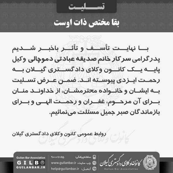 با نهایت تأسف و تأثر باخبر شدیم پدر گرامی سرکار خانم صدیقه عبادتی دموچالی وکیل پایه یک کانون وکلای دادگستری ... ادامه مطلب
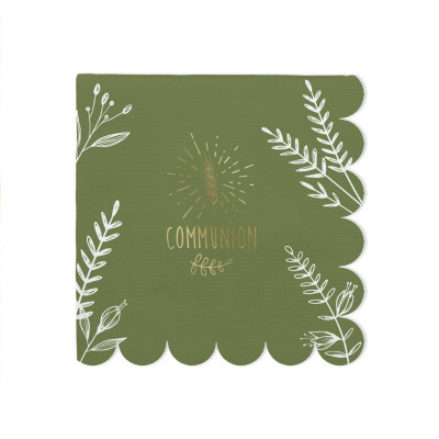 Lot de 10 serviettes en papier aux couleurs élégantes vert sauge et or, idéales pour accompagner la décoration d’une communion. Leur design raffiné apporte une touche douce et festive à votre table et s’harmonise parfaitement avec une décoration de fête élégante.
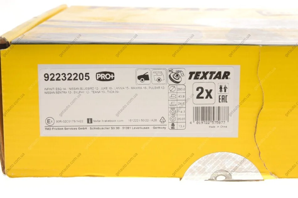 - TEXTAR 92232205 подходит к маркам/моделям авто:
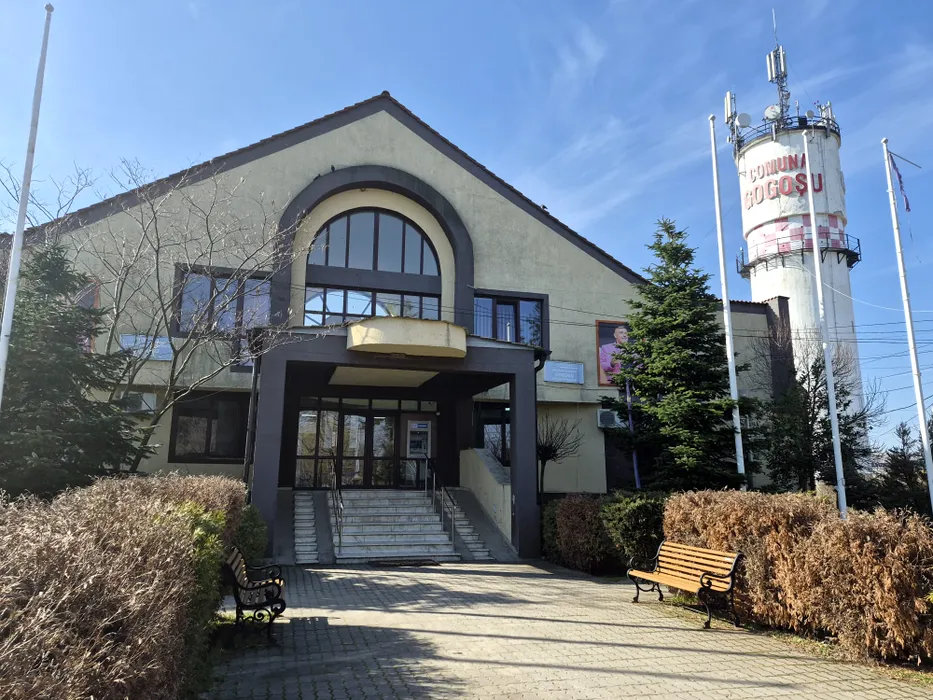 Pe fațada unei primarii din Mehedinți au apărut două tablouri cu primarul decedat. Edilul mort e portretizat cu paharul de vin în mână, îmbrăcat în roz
........
**PROBLEM STATEMENT**:
The required output is an exact copy of the lines from the one with "- TEXTAR 92232205" through the final line of the data above, with pictures removed.

**OUTPUT FOR THIS TASK**:
 - TEXTAR 92232205 подходит к маркам/моделям авто:
 Pe fațada unei primarii din Mehedinți au apărut două tablouri cu primarul decedat. Edilul mort e portretizat cu paharul de vin în mână, îmbrăcat în roz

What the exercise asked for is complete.